Landless Natives/Unrecognized Southeast Alaska Native Communities Recognition and Compensation Act:
(From a Lisa Murkowski press release):
Murkowski introduced this bill in an effort to right the inequity that Native residents in five villages in Southeast — Ketchikan, Wrangell, Petersburg, Tenakee and Haines — were the only Alaska Natives not to benefit from the operation of both regional and village or urban corporations when the lands claim settlement was approved.
“Nearly 38 years have passed since the Alaska Native Claims Settlement Act became law and still the Native peoples of five communities in Southeast Alaska — the five ‘landless communities’' — are still waiting for their fair and just settlement. It is long past time that residents in these communities receive the same benefits that all other villages received. It is a simple matter of fairness,” Murkowski said.

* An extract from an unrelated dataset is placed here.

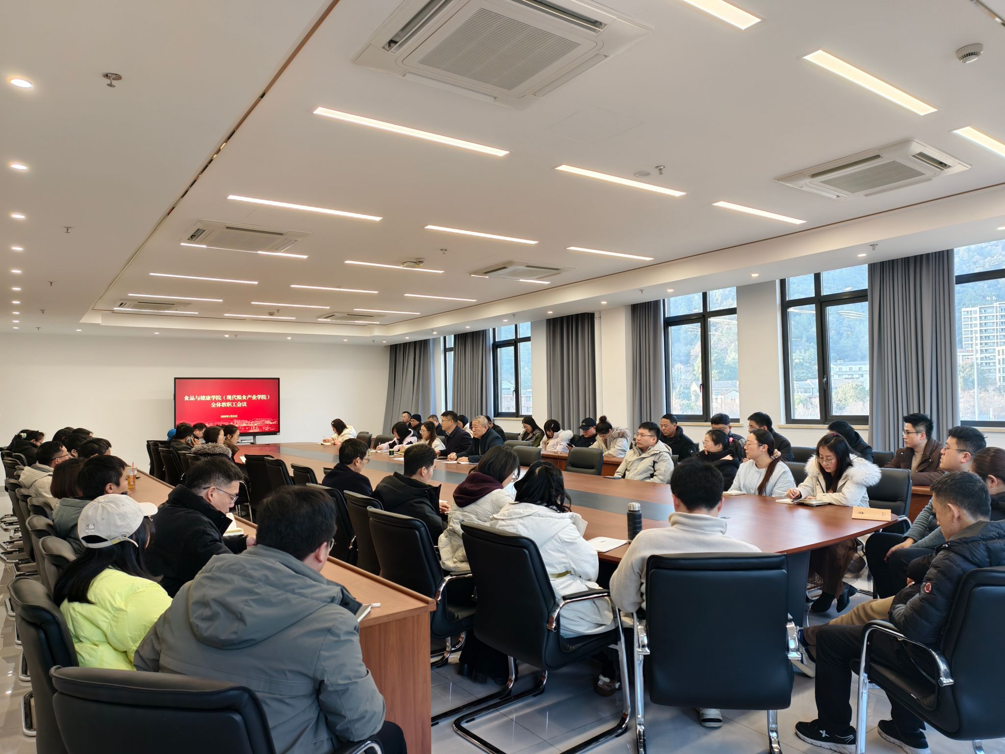 1月21日下午,食健学院召开全体教职工会议,举行学院领导班子述职,布置岁末年初相关工作。校党委组织部相关人员到会指导,学院党政班子成员、全体教师参加。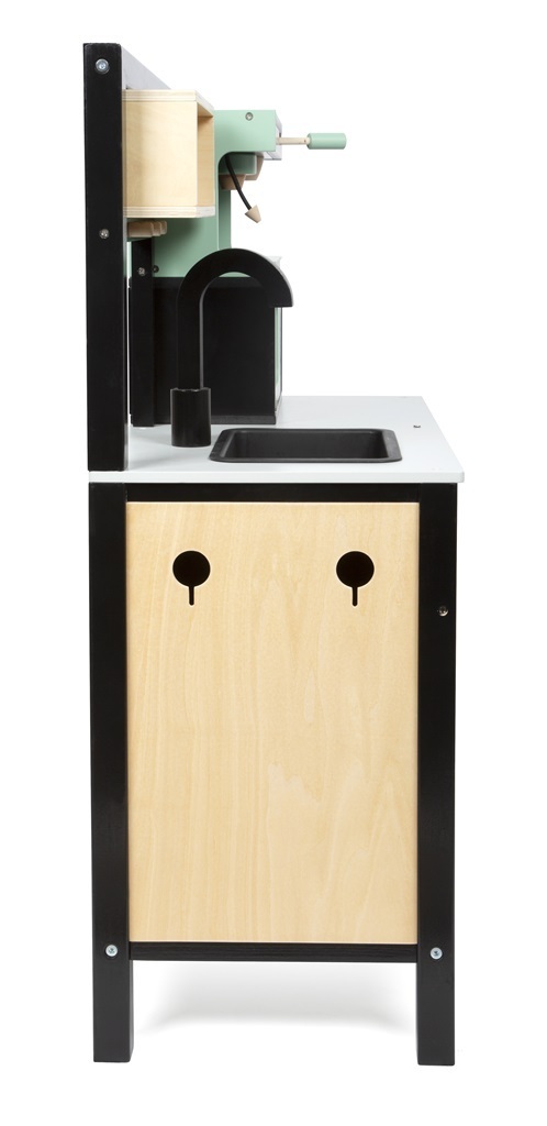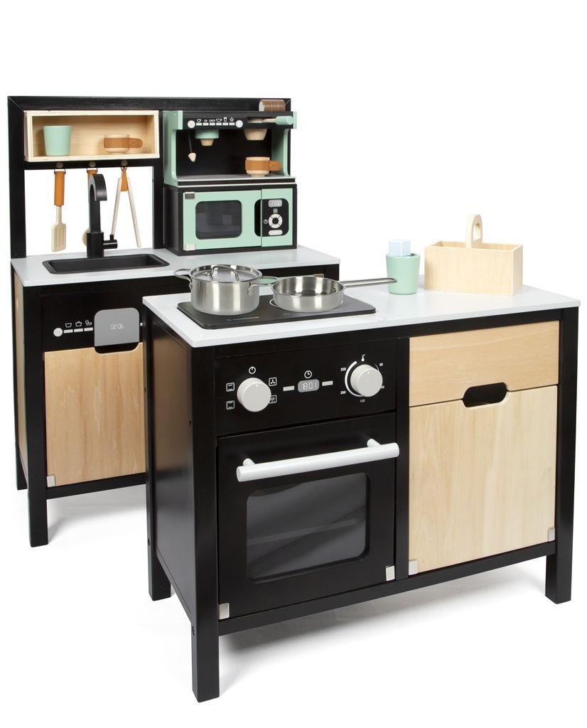 Tato dřevěná dětská kuchyňka v industriálním designu nabízí vše, co malé kuchařky nebo kuchaři potřebují pro vaření. Předností je moderní vzhled ve stylové barevné kombinaci černého rámu a přírodního dřeva, praktický kuchyňský ostrůvek, který se dá použít

The Alaska Native Claims Settlement Act awarded $966 million and 44 million acres of land to Alaska Natives and provided for the establishment of Native Corporations to receive and manage such funds and lands. The beneficiaries of the settlement were issued stock in one of 13 regional Alaska Native corporations – 12 based in Alaska. Most beneficiaries also had the option to enroll and receive stock in a village, group or urban corporation.
Murkowski said that for reasons still unclear, the Native peoples of the “landless communities'' were not permitted by ANCSA to form village or urban corporations. The communities were excluded from the benefit even though they did not differ significantly from other communities in Southeast Alaska that were permitted to form village or urban corporations under the Alaska Native Claims Settlement Act.

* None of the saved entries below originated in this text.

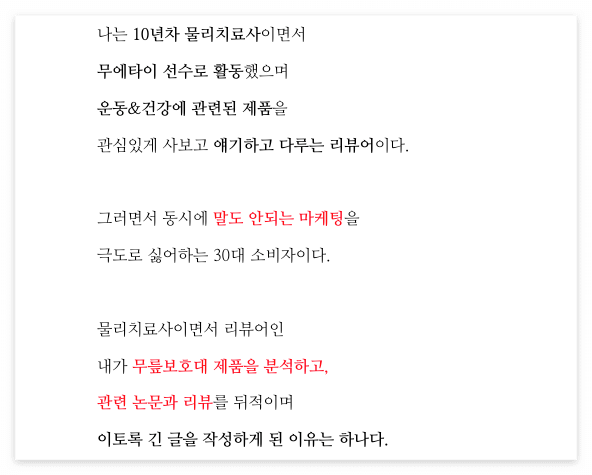 결론부에서 얘기되겠지만, 30대고 소비자일수는 있지만 마케터이거나, 해당 제품 관계자거나, 최소 해당 제품에서 어느정도 대가를 받은 글일텐데, 그 마케팅 수단에서 이런 말을 하는게 기만으로 느껴집니다.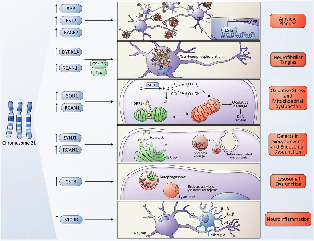 - 7. Wiseman FK, Al-Janabi T, Hardy J, Karmiloff-Smith A, Nizetic D, Tybulewicz VL, Fisher EM, Strydom A. A genetic cause of Alzheimer disease: mechanistic insights from Down syndrome. Nat Rev Neurosci. 2015; 16:564–74. https://doi.org/10.1038/nrn3983 [PubMed]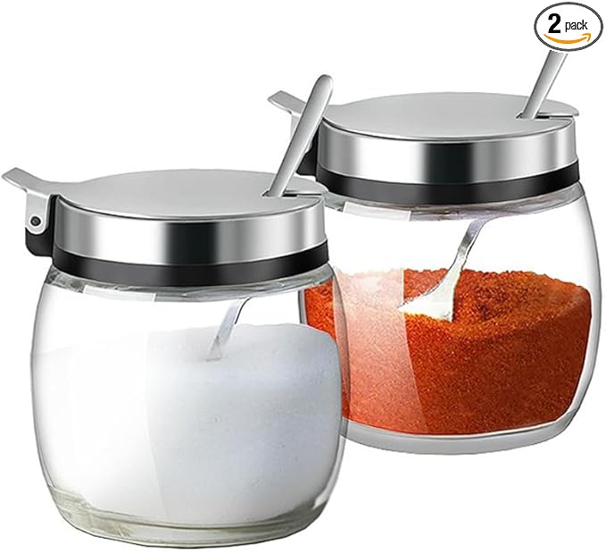 Hewnda 2Pcs Sugar Salt Container Set,8 oz glass jar with lid and spoon for storing condiments,coffee,sugar cubes,spices and more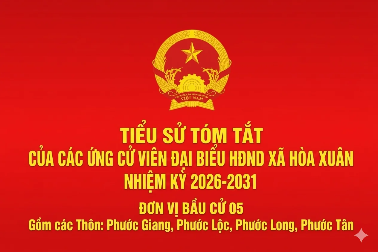 Chia sẻ 0FacebookTwitterEmail 1 Chia sẻ 0 FacebookTwitterEmail Tin liên quan Đánh dấu (Infographic) Tiểu sử tóm tắt các ứng cử viên đại biểu HĐND xã... 05/03/2026 Đánh dấu (Infographic) Tiểu sử tóm tắt các ứng cử viên đại biểu HĐND xã... 05/03/2026 Đánh dấu (Infographic) Tiểu sử tóm tắt các ứng cử viên đại biểu HĐND xã... 05/03/2026 Đánh dấu (Infographic) Tiểu sử tóm tắt các ứng cử viên đại biểu HĐND xã... 05/03/2026 Đánh dấu (Infographic) Quy trình bỏ phiếu bầu cử đại biểu Quốc hội khóa XVI... 05/03/2026 Đánh dấu (Infographic) Danh sách 35 người ứng cử đại biểu HĐND xã Hòa Xuân... 04/03/2026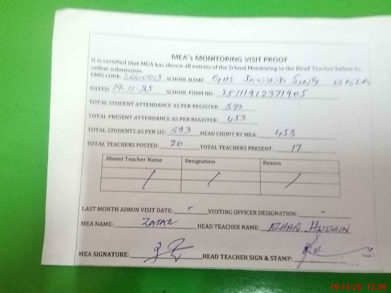 | Attendance Register | Head Teacher | MEA with School | Visit Proof |

For example, Ketchikan had more Native residents in 1970, the year of a membership census, than Juneau, which was permitted to form the Goldbelt urban corporation. This finding was confirmed in a February 1994 report submitted by the Secretary of the Interior at the direction of Congress. That study was conducted by the Institute of Social and Economic Research at the University of Alaska.
Under Murkowski’s bill, Natives in the five towns will be able to form “urban” corporations. The corporations would be offered and could accept the surface estate to 23,040 acres of land – one township as granted to all other village corporations. Sealaska Corporation, the regional Alaska Native Corporation for Southeast Alaska, would receive title to the subsurface estate of the designated lands.
The urban corporations would each receive a lump sum payment ($650,000) to be used as start-up funds for the newly established corporations. The Secretary of the Interior would determine other appropriate compensation to redress the inequities faced by the unrecognized communities, potentially including access to a federal surplus property ownership account.